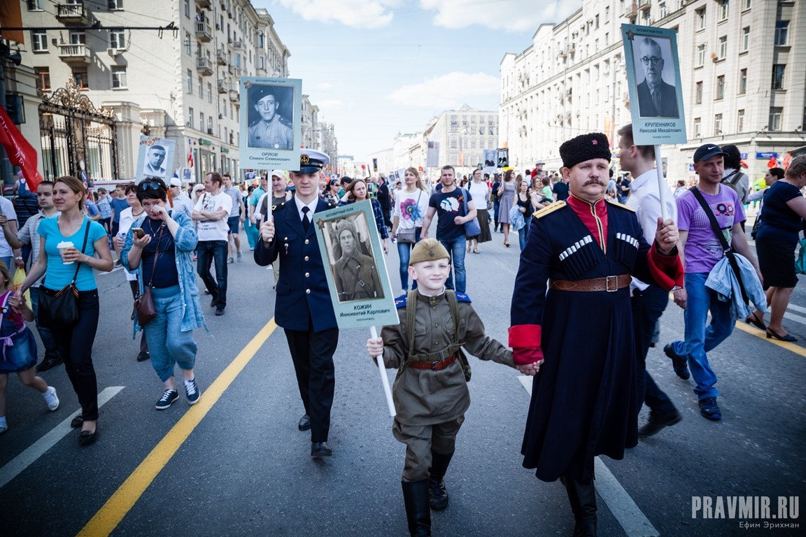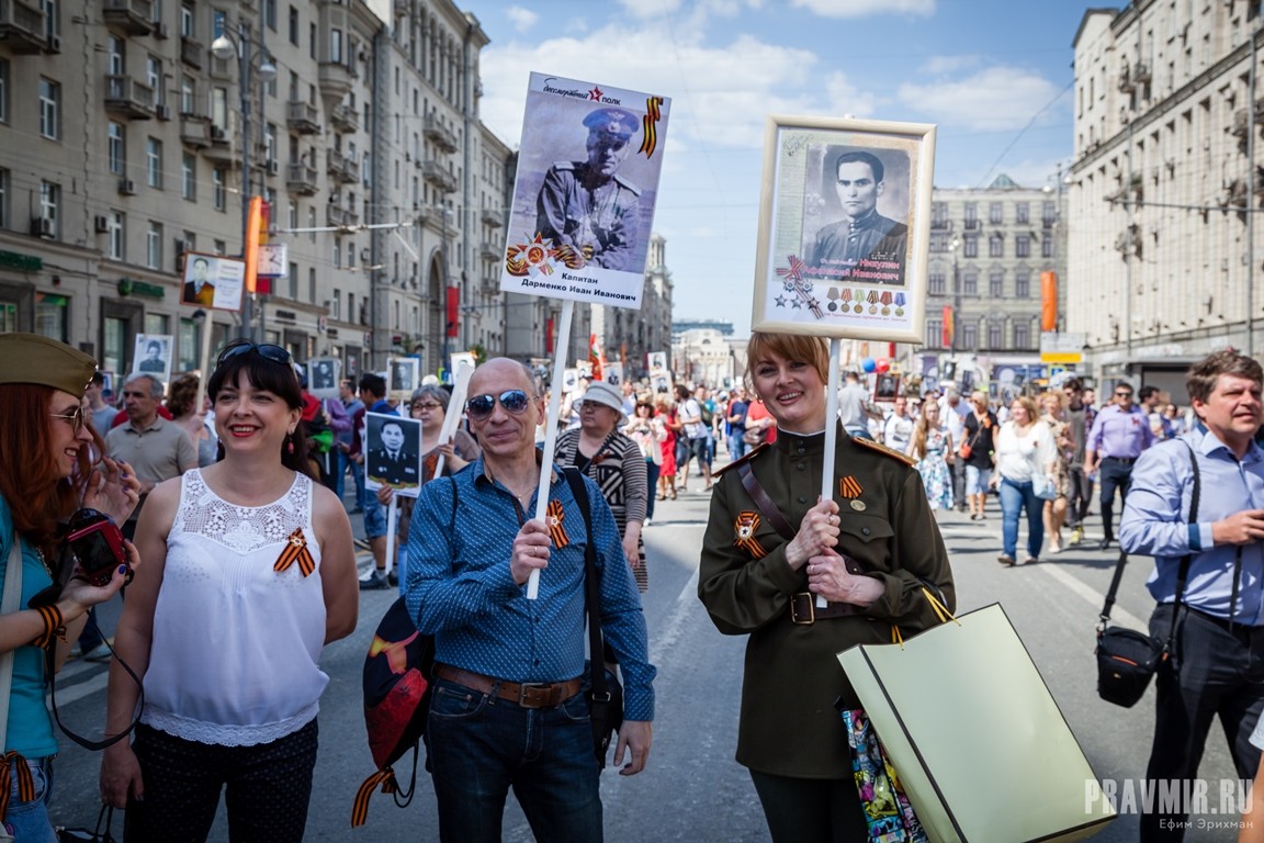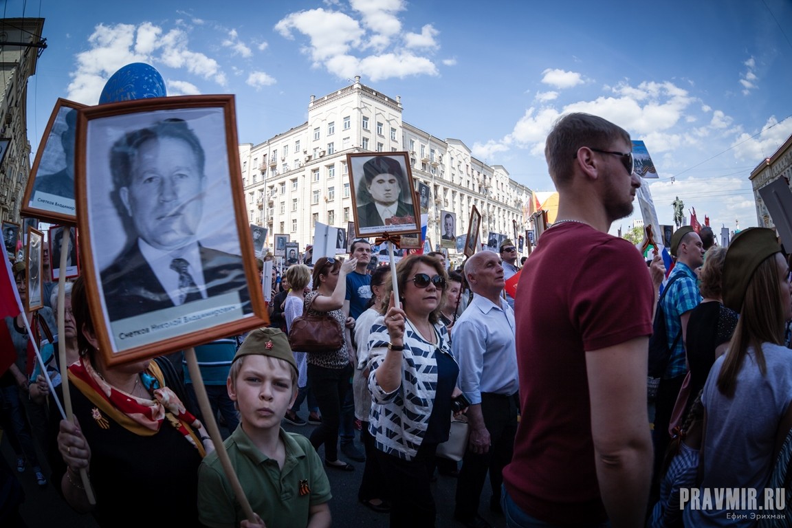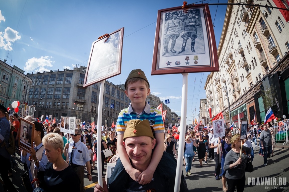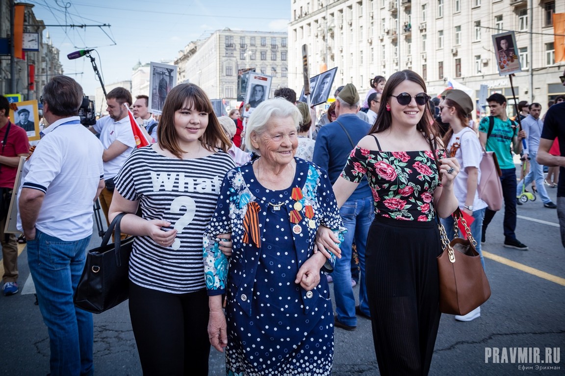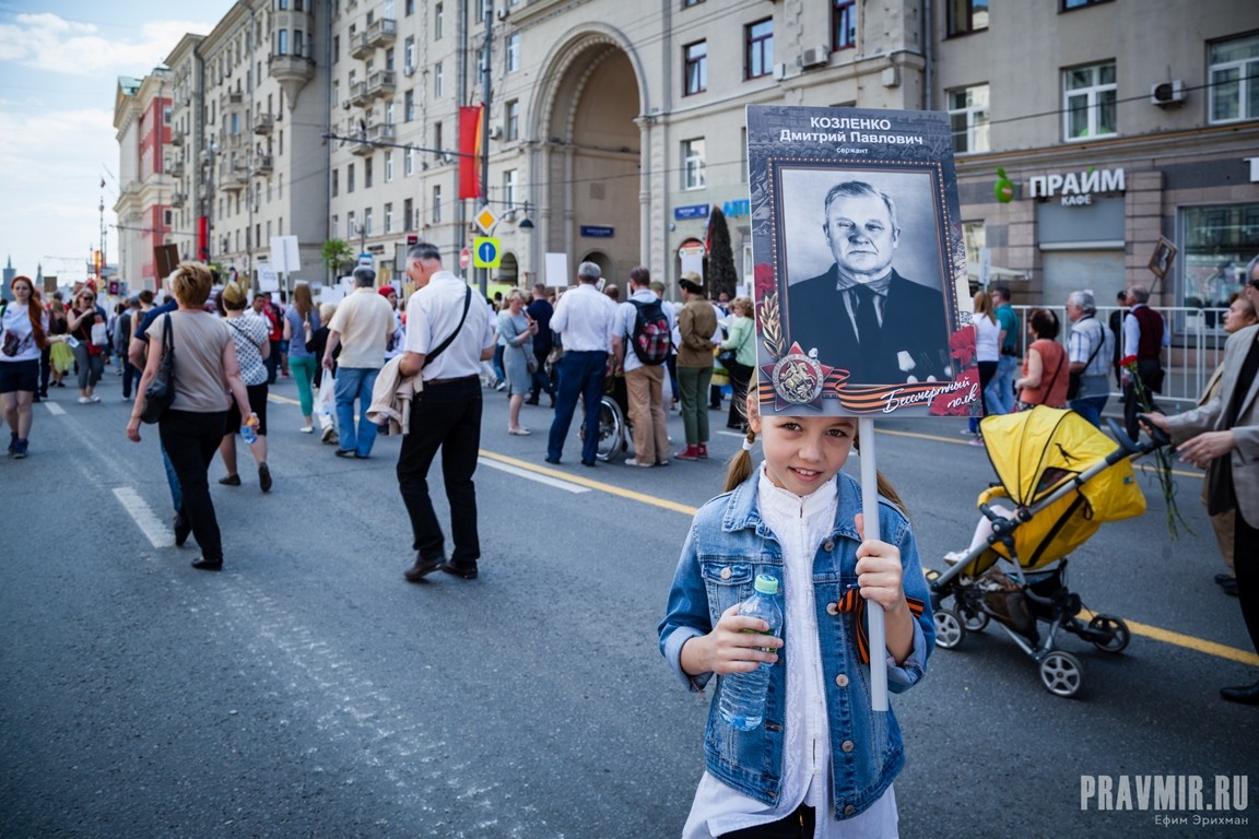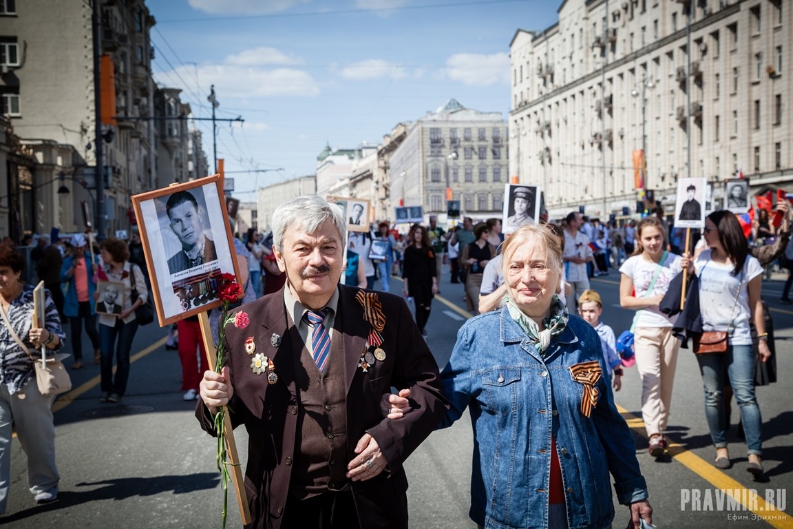 Если в День Победы в прошлом году количество участников акции «Бессмертный полк» в Москве оценивалось как минимум в полмиллиона человек, то в году нынешнем, по данным МВД, шествие в столице собрало более 700 тысяч участников. За тем, как это происходило, следил фотокорреспондент «Правмира».
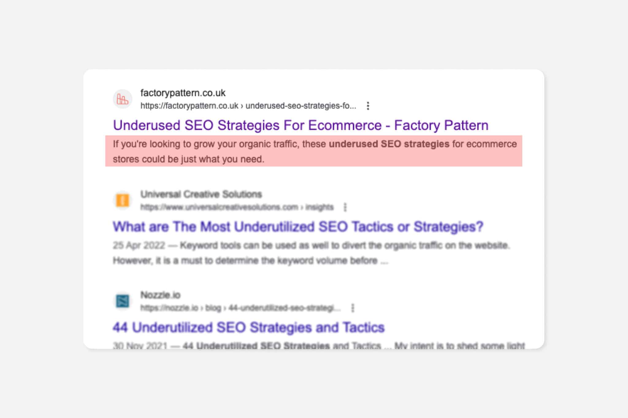 Include your keyword or phrase in your meta description and make sure it forms an engaging sentence or two that will encourage users to click.
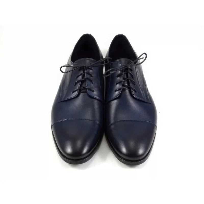 Klasyczny nosek typu cap toe podkreśla formalny charakter obuwia i nadaje mu ponadczasowej elegancji. Derby granatowe pilpol łączą minimalistyczne wzornictwo z dopracowanymi detalami, dzięki czemu świetnie komponują się z garniturem, marynarką oraz stylizacjami smart casual.
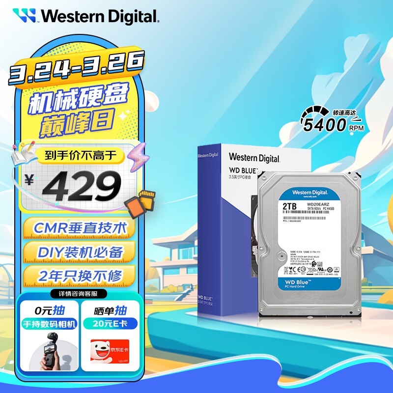 西部数据蓝盘2TB机械硬盘京东低至409元
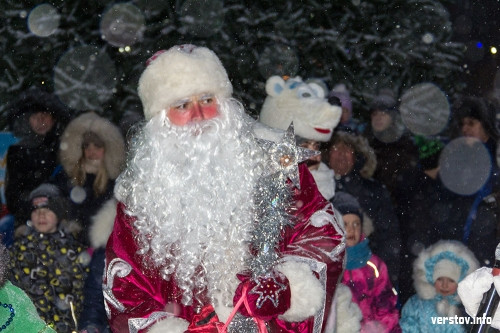 Несмотря на то, что вчера шел снег, на открытие ледового городка пришли как взрослые, так и детвора. Народ развлекали аниматоры – Елка, Белый и Бурый медведи. Когда настала пора зажигать огни на главной елке Орджоникидзевского района, позвали на помощь «живых» Деда Мороза и Снегурочку.
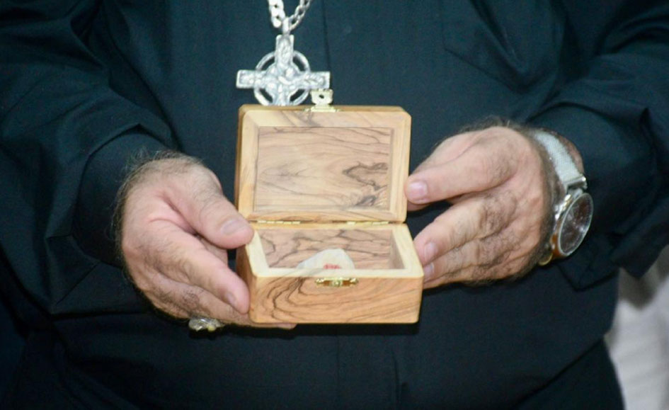 Durante la ceremonia se presentó una piedra traída desde la orilla del Lago de Galilea, recolectada en abril de 2025, la cual fue integrada simbólicamente como base del santuario. Este elemento fue destacado como un signo de conexión espiritual con los lugares donde, según la tradición cristiana, caminó Jesús.
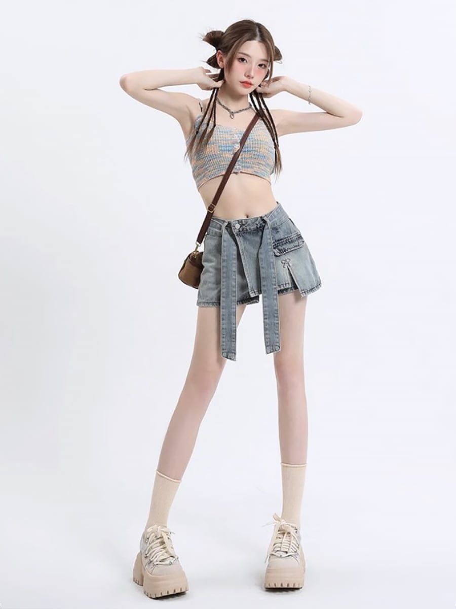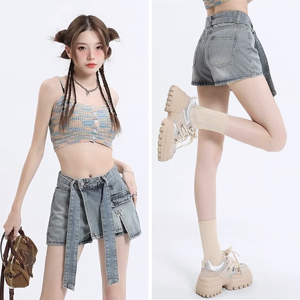 デニムダミーミニスカート ショートパンツ ショーパン ダミースカート ミニスカート ミニ スリム 共布ベルト リボンベルト デニムパンツ ファスナー 前開き 春夏 ウォッシュ加工 かわいい 大人可愛い きれいめ シンプル 上品 おしゃれ お洒落 かっこいい レトロ こなれ感 ラブリー キュート ガーリー 個性的 モード系 モダン 主役級 存在感 抜け感 無地 レディース お出かけ 女子会 休日 着回し 普段使い 韓国 オルチャン韓国コーデ 韓国ファッション ライトブルー
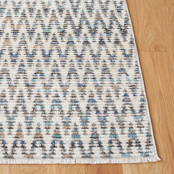 The runner's bohemian style is perfectly encapsulated in its intricate pattern, reminiscent of tribal designs and geometric motifs. The Ivory and Dark Grey hues harmoniously intertwine to create an aesthetic that is both traditional and modern, showcasing a series of repeating diamond shapes and angular lines which bring a sense of movement and texture to your floors.
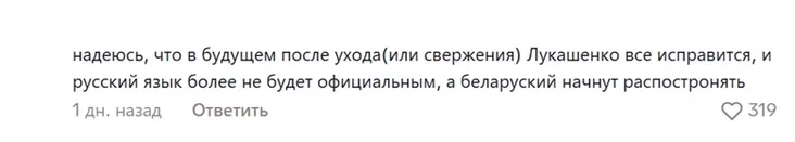«Надеюсь, что в будущем после ухода (или свержения) Лукашенко все исправится, и русский язык больше не будет официальным, а белорусский начнут распространять».

Your objective:
Beginning with the line that holds "The runner's bohemian" and continuing to the end of the entries above, set down each line exactly, both ends included; include no pictures.

Completed task:
 The runner's bohemian style is perfectly encapsulated in its intricate pattern, reminiscent of tribal designs and geometric motifs. The Ivory and Dark Grey hues harmoniously intertwine to create an aesthetic that is both traditional and modern, showcasing a series of repeating diamond shapes and angular lines which bring a sense of movement and texture to your floors.
«Надеюсь, что в будущем после ухода (или свержения) Лукашенко все исправится, и русский язык больше не будет официальным, а белорусский начнут распространять».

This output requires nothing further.